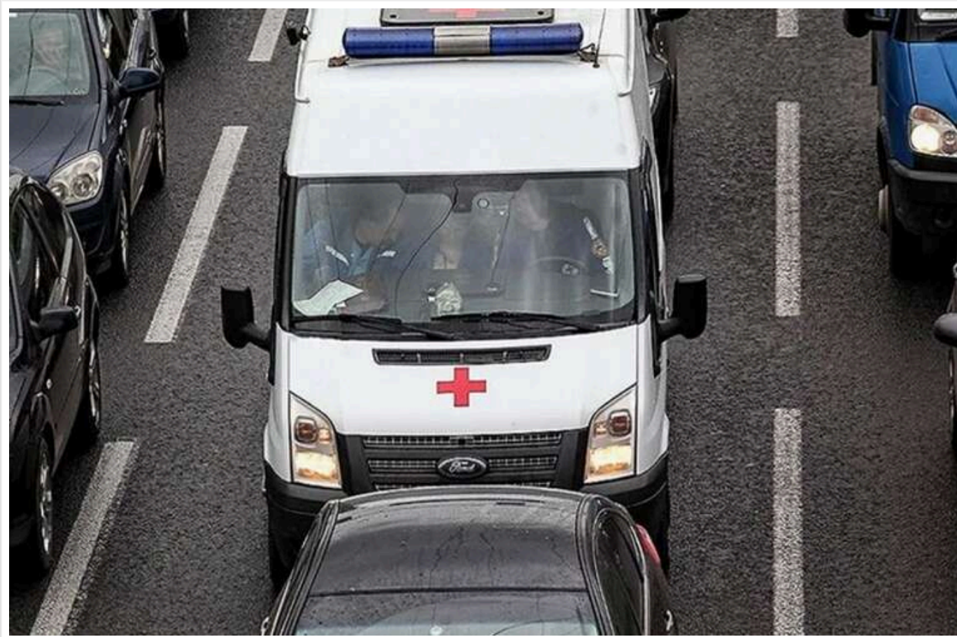
Штрафи за непропускання автомобілів екстрених служб можуть збільшитись до 51 тисячі гривень

В Україні планують суттєво посилити відповідальність за ненадання переваги в русі автомобілям екстрених служб.
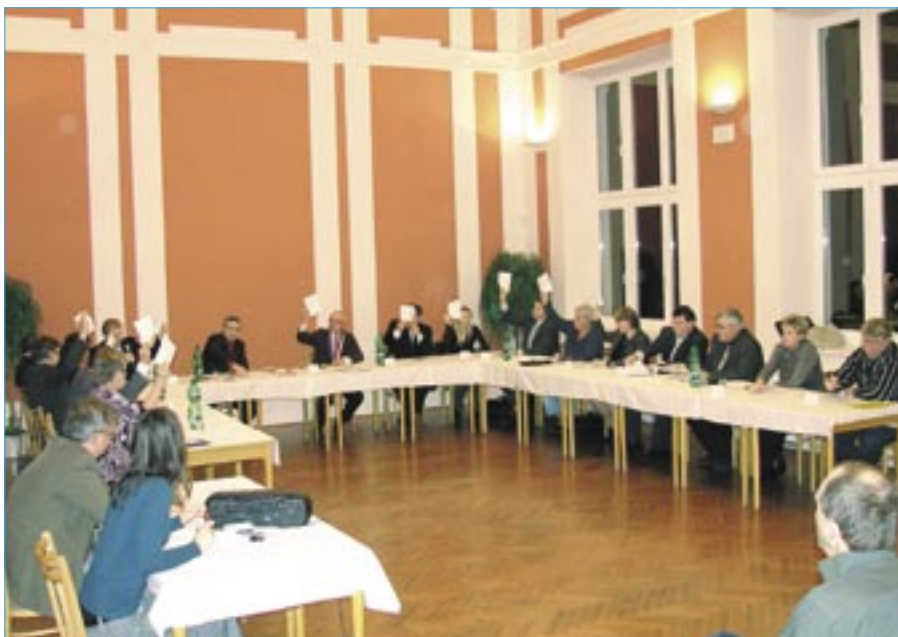
Nově zvolené Zastupitelstvo města Staré Město se sešlo 8. listopadu 2010 v 18 hodin na prvním zasedání.
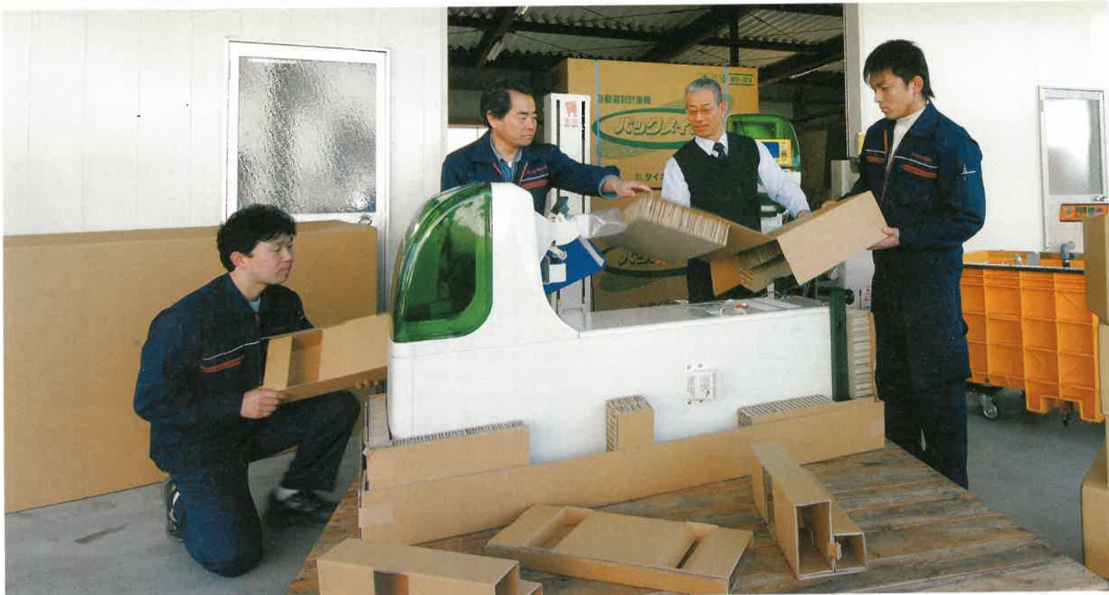
メンターとともに、製品の梱包について検討する(株)タイガーカワシマ(藤岡町)の皆さん。同社は、主に米麦用小型農業機械の開発から製造販売までを一貫して行っている企業です

◎問合せ (財)栃木県産業振興センター ☎028-670-2601 HP http://www.tochigi-iin.or.jp/

▶ **PROBLEM DESCRIPTION**
Restating the data word for word is the task, and pictures are to be omitted.

▶ **REPLY**
Штрафи за непропускання автомобілів екстрених служб можуть збільшитись до 51 тисячі гривень

В Україні планують суттєво посилити відповідальність за ненадання переваги в русі автомобілям екстрених служб.
Nově zvolené Zastupitelstvo města Staré Město se sešlo 8. listopadu 2010 v 18 hodin na prvním zasedání.
メンターとともに、製品の梱包について検討する(株)タイガーカワシマ(藤岡町)の皆さん。同社は、主に米麦用小型農業機械の開発から製造販売までを一貫して行っている企業です

◎問合せ (財)栃木県産業振興センター ☎028-670-2601 HP http://www.tochigi-iin.or.jp/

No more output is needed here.